The following table sets forth, as of March 18, 2004, the beneficial ownership of Common Shares of the Company by each of the Company’s current directors.

Directors’ Beneficial Ownership of Common Shares Table

Name

 

Amount and Nature of
Beneficial Ownership

 

Percent of Class
Beneficially Held


 


 


James L. Anderson

 

3,859

 

 

*

Jean E. Auer

 

5,519

 

 

*

N.P. Dodge, Jr.

 

6,000

 

 

*

Anne M. Holloway

 

4,049

 

 

*

Robert F. Kathol

 

3,450

 

 

*

Lloyd E. Ross

 

3,863

 

 

*

Floyd E. Wicks

 

19,395

 

 

*

*Less than one percent

 

 

 

 

 


Certain Relationships and Related Transactions


No director, nominee, executive officer or any member of their family had any indebtedness to the Company, any business relationship with the Company or any transaction with the Company in 2003. No director, nominee, executive officer or any member of their family, at any time during the past three years, have been employed by any entity, including a charitable organization, that, has made payments to, or received payments from, including charitable contributions, the Company for property or services in an amount which, in any single fiscal year, exceeded the greater of $1 million or 2% of the other entities consolidated gross revenues reported for that fiscal year.

7




Board Committees and Meetings


During 2003, directors met as a Board seven times. No director attended less than 75% of the meetings of the Board. The Company has adopted a policy that each Director should make every reasonable effort to attend each annual meeting of the Shareholders. At the 2003 Annual Meeting of Shareholders all Directors were present. The Board of Directors has an Audit and Finance Committee, a Nominating and Governance Committee, and a Compensation Committee. Each Committee operates under a charter, which identifies the purpose of the Committee and its primary functions and responsibilities. The Committee charters are available on the Corporate Governance section on the AWR website at www.aswater.com. The Board of Directors may establish, from time-to-time, other committees on an ad hoc basis to address strategic or business related opportunities. The Board has established one such committee, the Special Projects Committee. Members of such ad hoc committees are paid for their services in accordance with policies of the Board. The Chairman of the Board is an ex-officio member of all committees of the Board and is the presiding director for non-management sessions of the Board. The Board has affirmatively determined that a majority of the Company’s directors and all of the members of the Audit Committee, Nominating & Governance Committee and Compensation Committee are independent directors under the NYSE corporate governance listing standards.

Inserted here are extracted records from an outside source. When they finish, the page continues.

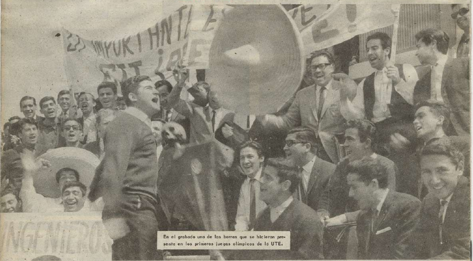
En el grabado una de las barras que se hicieron presente en los primeros juegos olímpicos de la UTE.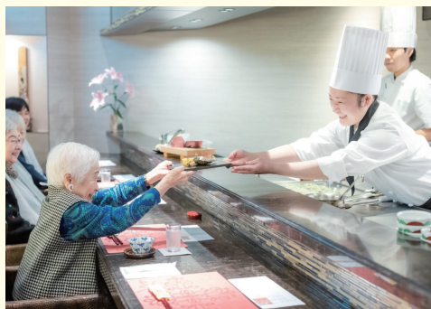
■和・洋・中 選べる6つのレストランとメニュー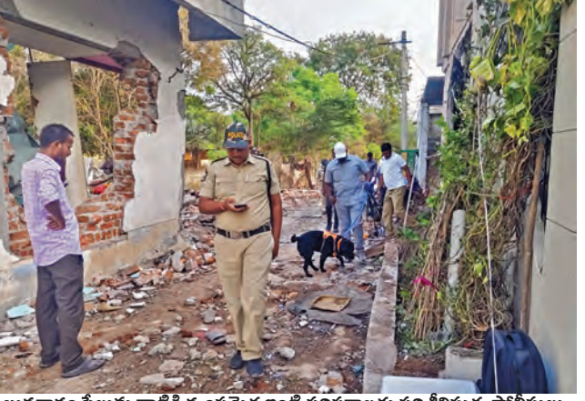
బుధవారం పేలుడు ధాటికి ధ్వంసమైన ఇంటి పరిసరాలను పరిశీలిస్తున్న పోలీసులు

Audit and Finance Committee
The Audit and Finance Committee provides advice and assistance to the Board of Directors on accounting and financial reporting practices of the Company. The Committee reviews the scope of audit work and findings of the firm of independent public accountants who serve as auditors of the Company and also monitors the work of the Company’s internal auditors. The Committee also reviews the qualifications of, and recommends to the Board of Directors, a firm of independent auditors and reviews and approves fees charged by the independent auditors.

The Audit and Finance Committee conducts its responsibilities pursuant to its Charter, adopted by the Board of Directors. Members of the Audit and Finance Committee are “independent” as determined under the standards of the New York Stock Exchange. The Company has determined that Robert Kathol is an “audit committee financial expert” within the meaning of the final rules implementing Section 406 and 407 of the Sarbanes-Oxley Act and independent as defined in Item 7(d)(3)(iv) of Schedule 14A of the Securities Exchange Act. No Audit and Finance Committee members served on more than three public company boards.

During 2003, the Audit and Finance Committee, consisting of Robert F. Kathol - Chairperson, N.P. Dodge, Jr. and Anne M. Holloway, met five times to review and discuss with management, the internal auditor and the Company’s independent auditors, the interim financial statements, annual audited financial statements and certain other matters. The Committee has received disclosures from and discussed with the Company’s independent auditors PricewaterhouseCoopers LLP, the auditors’ independence as required by Independence Standards Board Standard No. 1. No director attended less than 75% of the meetings of the Audit and Finance Committee.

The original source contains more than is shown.